## [Exercise goal]
Exclude all pictures, then copy each of the records exactly as written.
* * * *
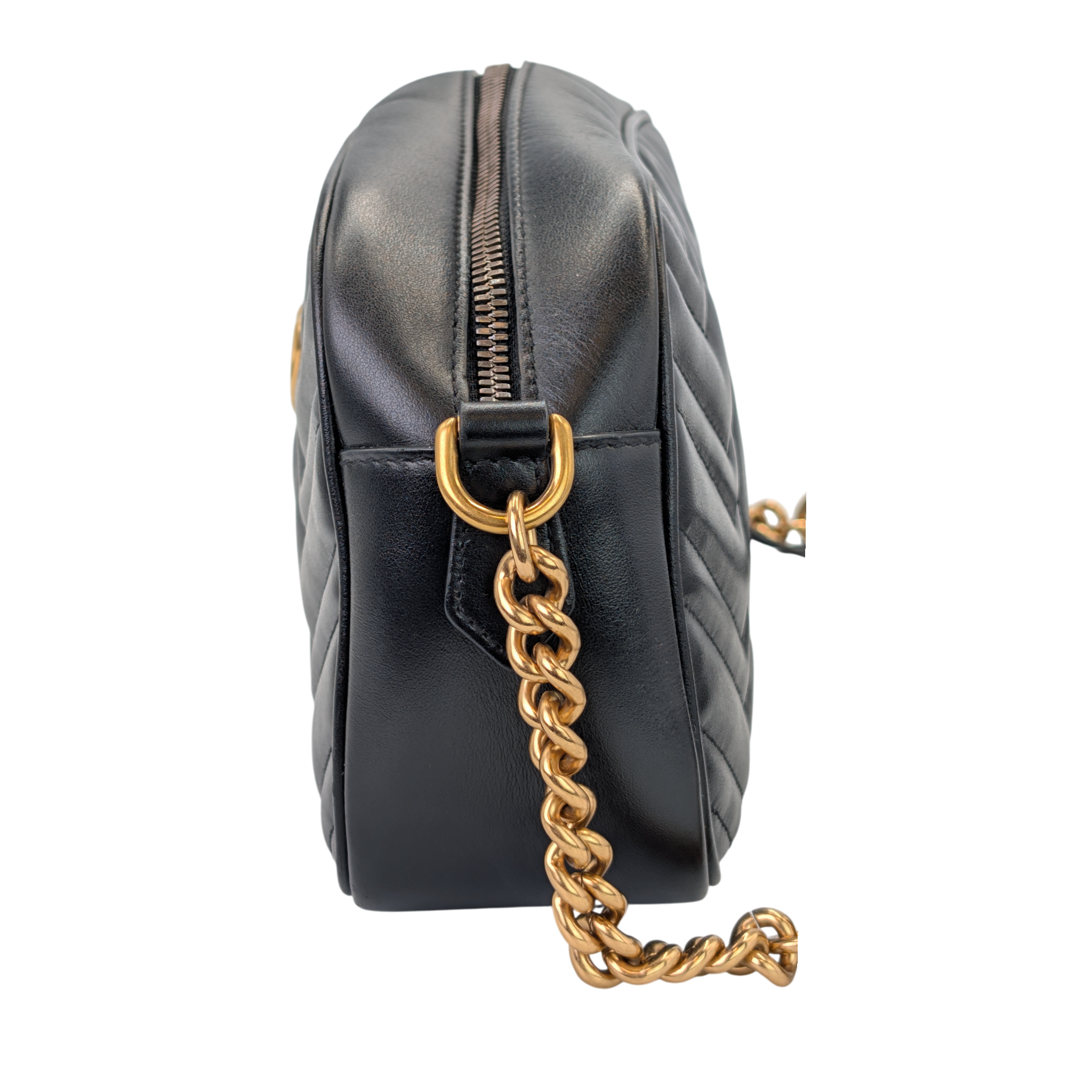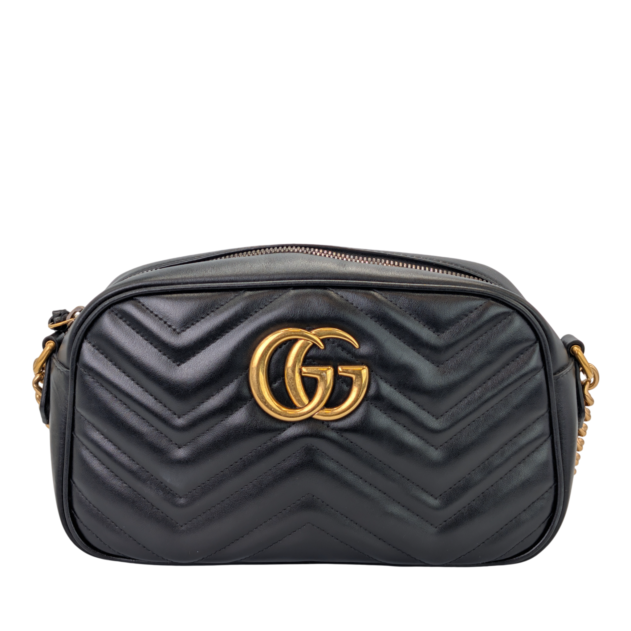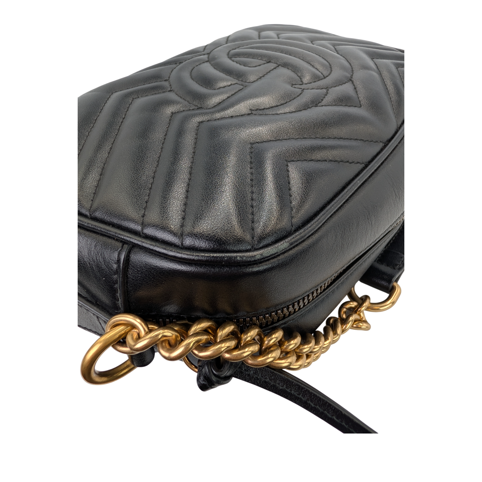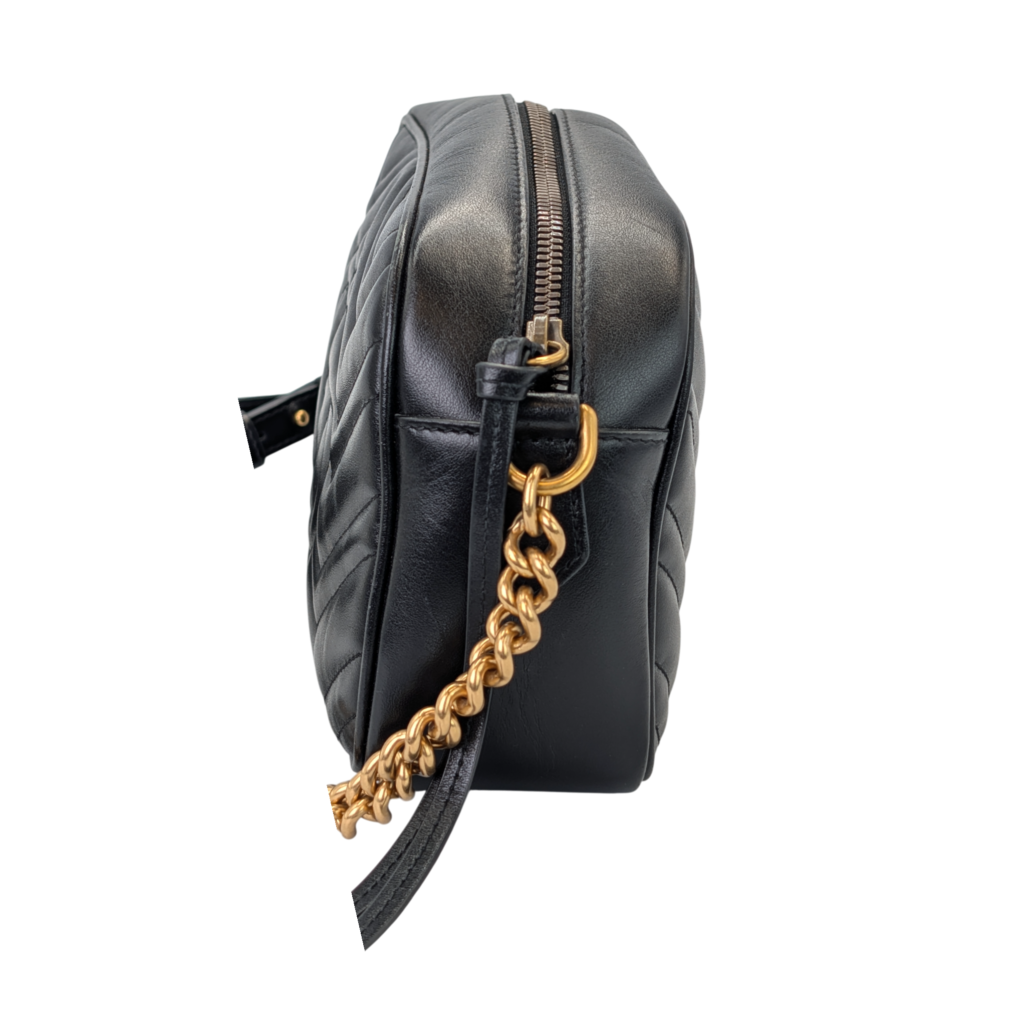 This crossbodyBag Features a quilted leather body, a leather and chain shoulder strap, a top zip closure, and an interior slip pocket.
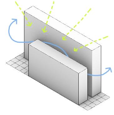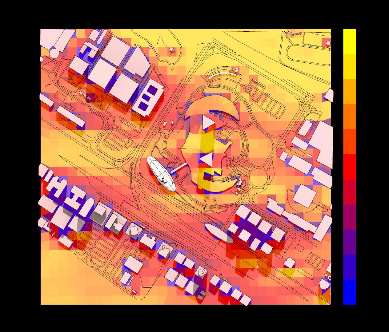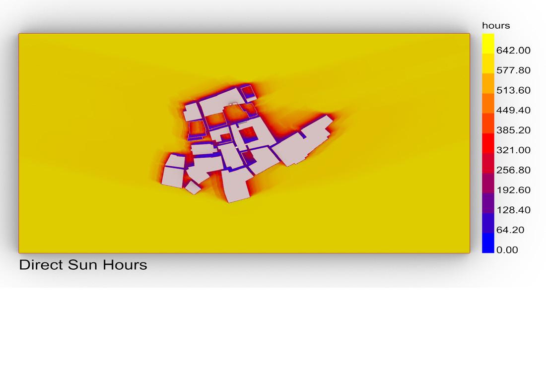 GrassHopper and LadyBug plugins were used to create a study of the total hours of direct sunlight that the site was exposed to. Due to the high total hours of direct sunlight, certain design solutions such as; Roof overhangs, Slanted roofs, Sikkas and tesselated walls were used as a design solution to limit sun exposure.
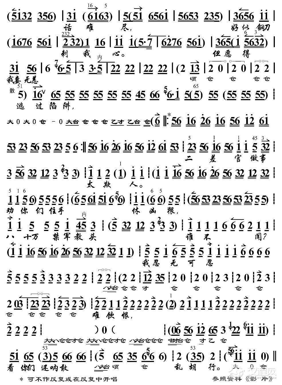 戏曲曲谱老将军你何必身背荆仗(《将相和》蔺相如唱段、琴谱)
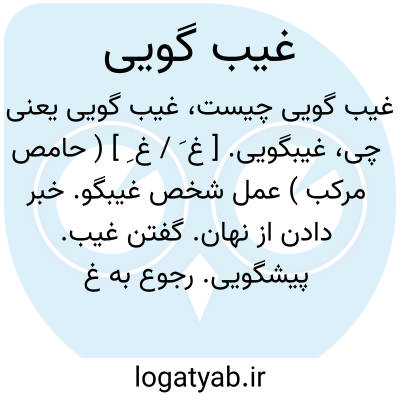 غیبگویی. [ غ َ / غ ِ ] ( حامص مرکب ) عمل شخص غیبگو. خبر دادن از نهان. گفتن غیب. پیشگویی. رجوع به غَیب و غیبگو شود.
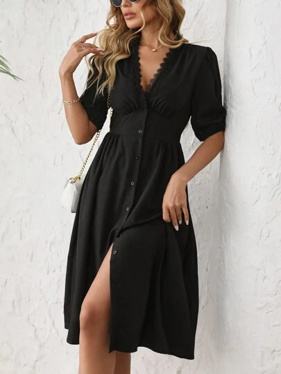 Women's Solid Color Front Button Placket Simple Casual Dress - Black - View 1
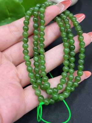 H34072249 Hetian Jade Bracelet, approx. 4mm beads, non-gold inlaid, total weight approx. 15.5g
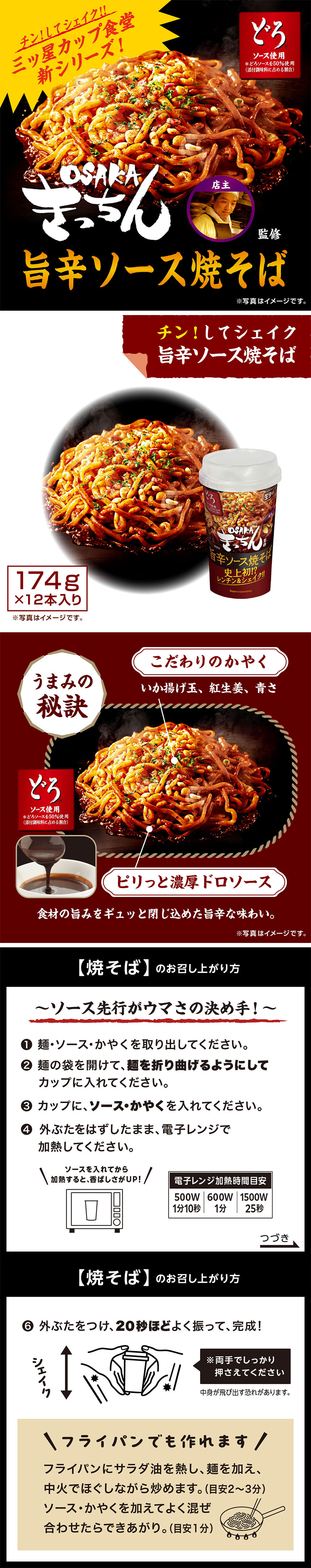 細長いカップから 麺、ソース、ふりかけの各袋を取り出し、カップに生麺を戻しソース、ふりかけをかけて 1分ほどチンした後数回ふる…そのままか器に移して食す
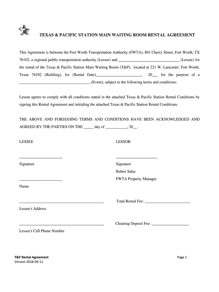 TEXAS & PACIFIC STATION MAIN WAITING ROOM RENTAL AGREEMENT This Agreement is between the Fort Worth Transportation Authority (WTA×, 801 Cherry Street, Fort Worth, TX 76102, a regional public transportation
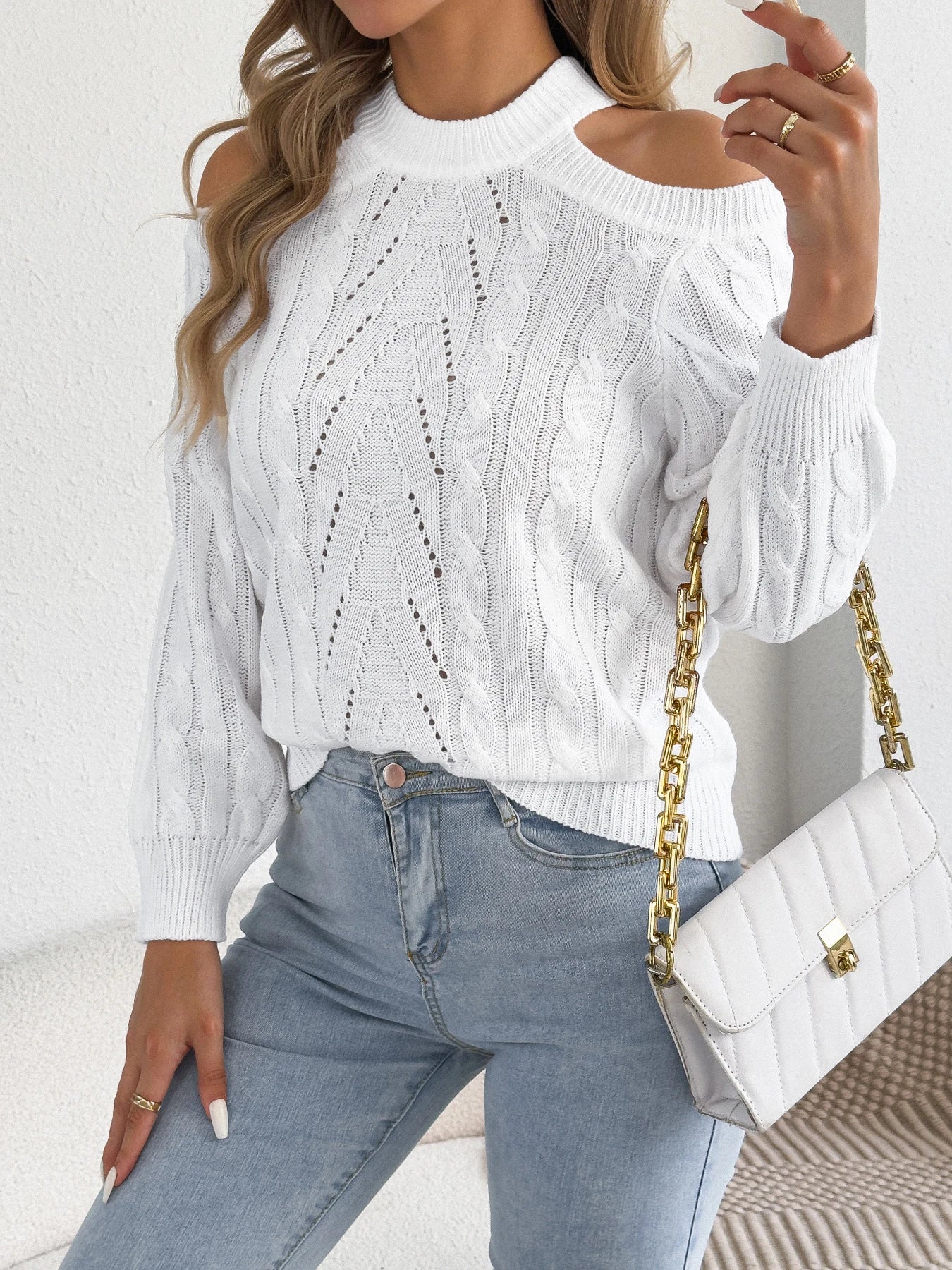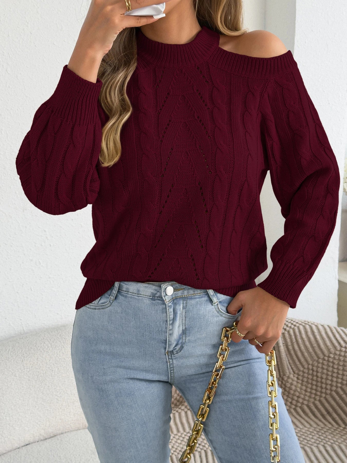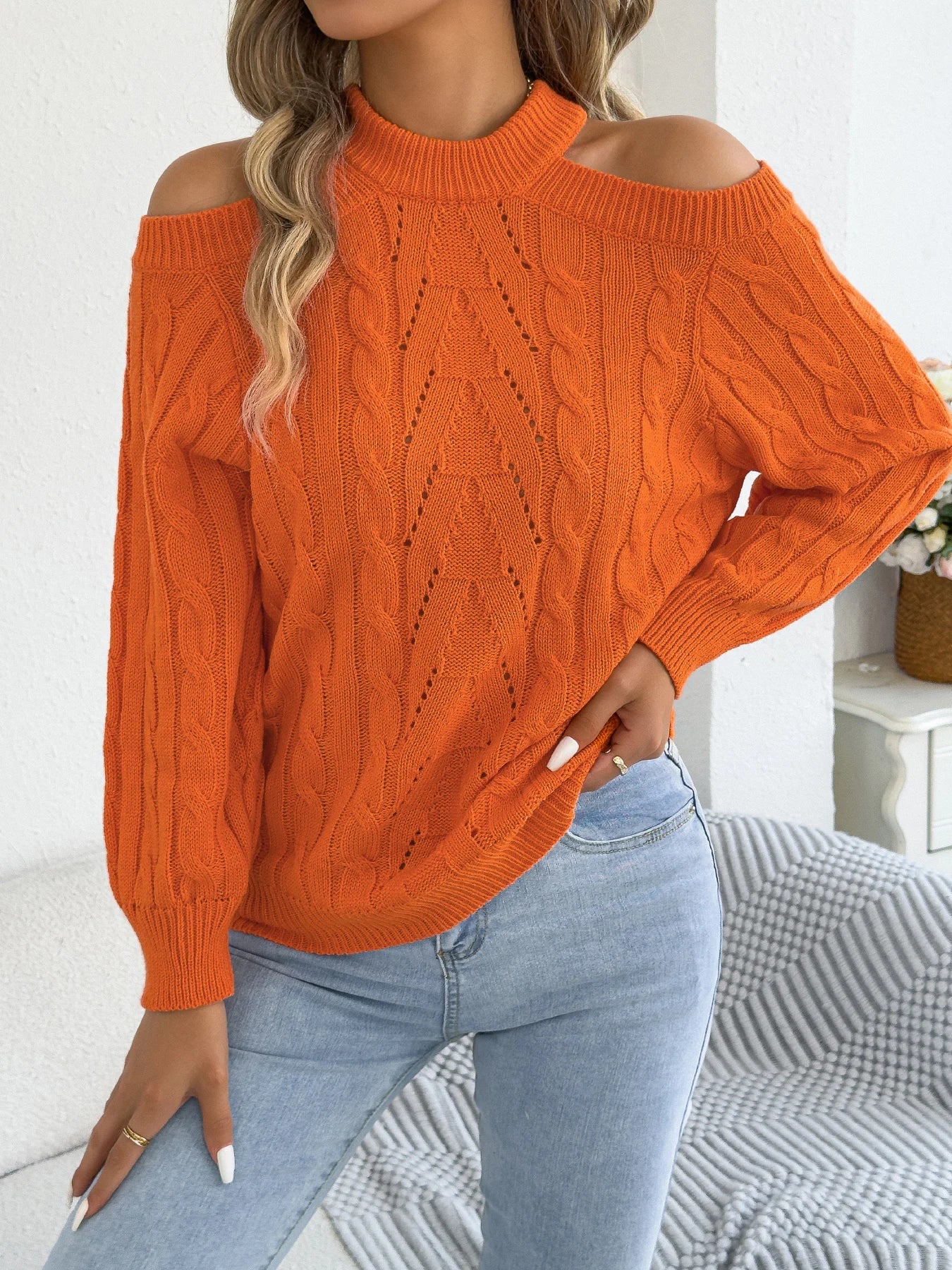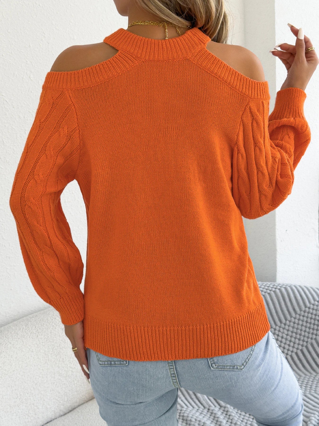 Off-Shoulder Hollow-Out Lantern-Sleeve Sweater
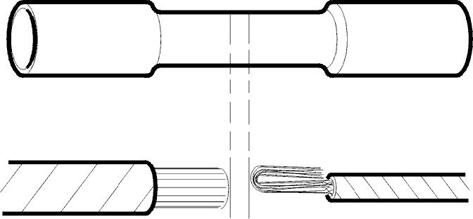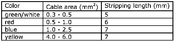 Strip both ends of the cable according to the table above. Use: 951 2620.
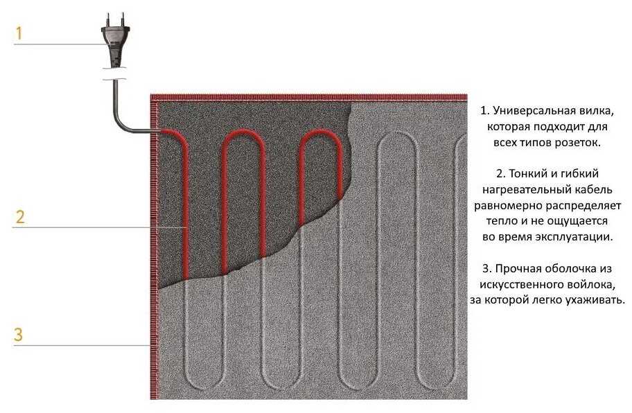 Коврик изготовлен из плотной ткани с тонкими, но надежно вплетенными нагревательными элементами, которые не ощущаются при ходьбе. Пользователи подтверждают, что при аккуратном использовании он служит годами, например, некоторые модели эксплуатируются до 5 лет без поломок. Однако материал требует бережного обращения: его нельзя ставить под мебель из-за риска повреждения кабеля. -
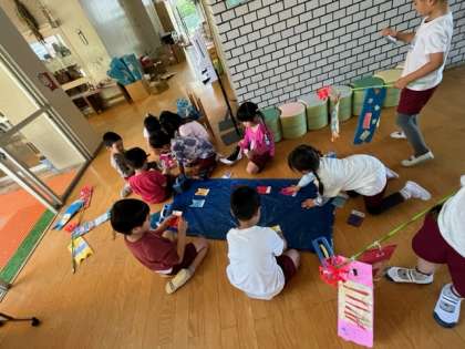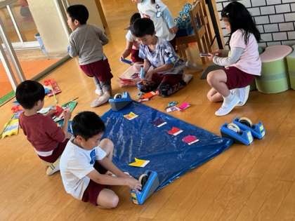 自分のこいのぼりができたので、大きなこいのぼりを作ろうと、自分たちで作ったものをうろこにして貼りました。
* * * *
## [Answer below]
 This crossbodyBag Features a quilted leather body, a leather and chain shoulder strap, a top zip closure, and an interior slip pocket.
 GrassHopper and LadyBug plugins were used to create a study of the total hours of direct sunlight that the site was exposed to. Due to the high total hours of direct sunlight, certain design solutions such as; Roof overhangs, Slanted roofs, Sikkas and tesselated walls were used as a design solution to limit sun exposure.
 戏曲曲谱老将军你何必身背荆仗(《将相和》蔺相如唱段、琴谱)
 غیبگویی. [ غ َ / غ ِ ] ( حامص مرکب ) عمل شخص غیبگو. خبر دادن از نهان. گفتن غیب. پیشگویی. رجوع به غَیب و غیبگو شود.
 Women's Solid Color Front Button Placket Simple Casual Dress - Black - View 1
 H34072249 Hetian Jade Bracelet, approx. 4mm beads, non-gold inlaid, total weight approx. 15.5g
 細長いカップから 麺、ソース、ふりかけの各袋を取り出し、カップに生麺を戻しソース、ふりかけをかけて 1分ほどチンした後数回ふる…そのままか器に移して食す
 TEXAS & PACIFIC STATION MAIN WAITING ROOM RENTAL AGREEMENT This Agreement is between the Fort Worth Transportation Authority (WTA×, 801 Cherry Street, Fort Worth, TX 76102, a regional public transportation
 Off-Shoulder Hollow-Out Lantern-Sleeve Sweater
 Strip both ends of the cable according to the table above. Use: 951 2620.
 Коврик изготовлен из плотной ткани с тонкими, но надежно вплетенными нагревательными элементами, которые не ощущаются при ходьбе. Пользователи подтверждают, что при аккуратном использовании он служит годами, например, некоторые модели эксплуатируются до 5 лет без поломок. Однако материал требует бережного обращения: его нельзя ставить под мебель из-за риска повреждения кабеля. -
 自分のこいのぼりができたので、大きなこいのぼりを作ろうと、自分たちで作ったものをうろこにして貼りました。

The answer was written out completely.